Material provided —
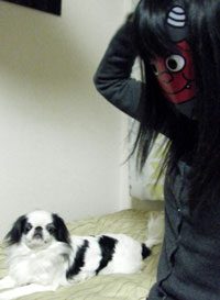 節分の豆まきで鬼に扮している
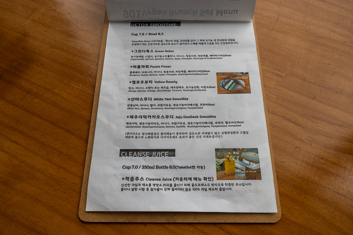 이곳에서 마실 수 있는 디톡스 스무디로는 그린, 퍼플파워, 옐로우뷰티, 산마, 제주더덕 카카오가 있으며 채소, 과일, 견과류를 갈아 그 위에 유기농 생견과류와 과일을 토핑해서 나온다.
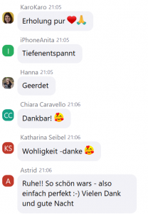 Wenn du magst, kannst du deine Kamera einschalten, so sehen wir uns gegenseitig. Oder du lässt sie einfach aus und genießt das Training ganz entspannt nur für dich. Beides ist vollkommen okay :)

Your objective — Would you restate the listing word for word and leave every picture out?

Exercise output —
 節分の豆まきで鬼に扮している
 이곳에서 마실 수 있는 디톡스 스무디로는 그린, 퍼플파워, 옐로우뷰티, 산마, 제주더덕 카카오가 있으며 채소, 과일, 견과류를 갈아 그 위에 유기농 생견과류와 과일을 토핑해서 나온다.
 Wenn du magst, kannst du deine Kamera einschalten, so sehen wir uns gegenseitig. Oder du lässt sie einfach aus und genießt das Training ganz entspannt nur für dich. Beides ist vollkommen okay :)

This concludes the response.